Но супружеского счастья хватило ей не надолго. Уже вскоре после рождения сына жизнь опять показалась ей изнуряюще однообразной. Она честно тянула семейную лямку, растила ребенка, играла роль примерной жены, хозяйки дома, хотя заглохшее было на время разъедающее душу ожидание не оставляло ее теперь ни на минуту.
Но однажды на привычной прогулке по набережной Гельсингфорса муж, раскланявшись с проходившим мимо моряком, с нескрываемой уважительностью объяснил ей:
- Это Адмирал - Полярный, тот самый, вы, наверное, уже наслышаны о нем.
Разумеется, она была о нем наслышана. Адмирал был притчей во языцех в светских кругах Балтийского флота: тоже, как и муж, - бывший порт-артурец, еще и отведавший японского плена, талантливый флотоводец, полярный исследователь, именем которого даже назван остров в северных водах, блестящий собеседник. Водить знакомство с ним, а в особенности близкое, считалось в этих кругах весьма престижной привилегией.

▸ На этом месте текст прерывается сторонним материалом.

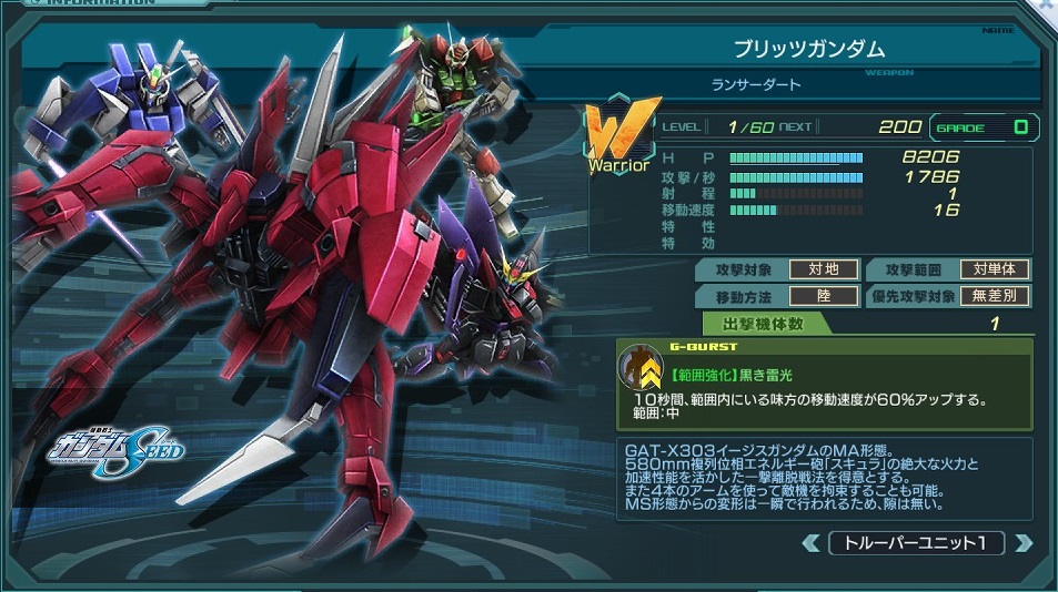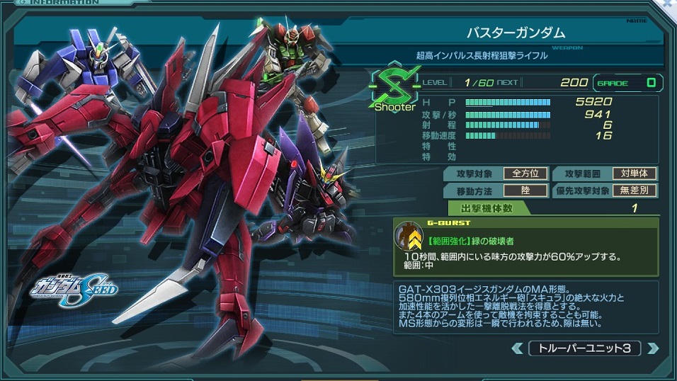 ただし、ブリッツのGバの効果で移動速度が上がるのと、バスターが射程6ゆえブリッツのGバ範囲外になるため、バスターは独立しがち。
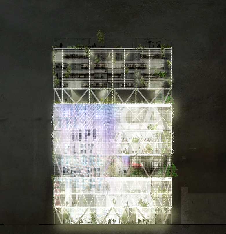The façade acts as one of the main conditioning systems of the building, filtering the direct sunlight and regulating ventilation. It is formed by an array of individual elements that present a responsive behavior, autonomously sensing the climatic conditions and the needs of the building and changing their position. Protected by the external shading, there is a green buffer zone, mainly comprised of a permeable structure holding vegetation and supporting varied activities. This space acts as a second natural filter for light and breeze and contributes to the regulation of the internal temperature through evaporative cooling.

Но, тем не менее, случайная эта встреча на гельсингфорской набережной едва ли надолго задержалась бы в ее памяти, если бы на другой день она не оказалась на вечере у старого друга мужа, тоже порт-артурца Николая Константиновича Подгурского, где, очутившись лицом к лицу с Адмиралом, с внезапно оборвавшимся сердцем поняла, что такого с ней не было, что прошлого больше не существует и что впереди у нее уже не ожидание, а судьба.
(Мне еще много раз придется фантазировать в отчаянных попытках восстановить возможные разговоры между ними, хотя бы мысленные, и, разумеется, это будет лишь приблизительной имитацией тех, что имели место на самом деле, но за подлинность их первого диалога я готов поручиться головой.
Вот он:
- Я так давно искала тебя.
- Разве это было так трудно?
- На это ушла вся моя жизнь.
- Но у тебя впереди еще так много!
- У нас.
- Ты права: у нас.)
И жизнь сразу сорвалась с накатанной колеи и пошла в разгон во все стороны, только проносились мимо лица, улицы, голоса, сливаясь в одну ослепительную, хотя и звучащую ленту: от встречи до встречи и снова до следующей встречи, а в перерывах между встречами его записки и письма, которые заполняли серую пустоту повседневного быта: "Когда я подходил к Гельсингфорсу и знал, что увижу вас, - он казался мне лучшим городом в мире"; "Я всегда думаю о вас"; "Я вас больше чем люблю" и еще, и еще, и еще до летящей в колдовскую пропасть бесконечности.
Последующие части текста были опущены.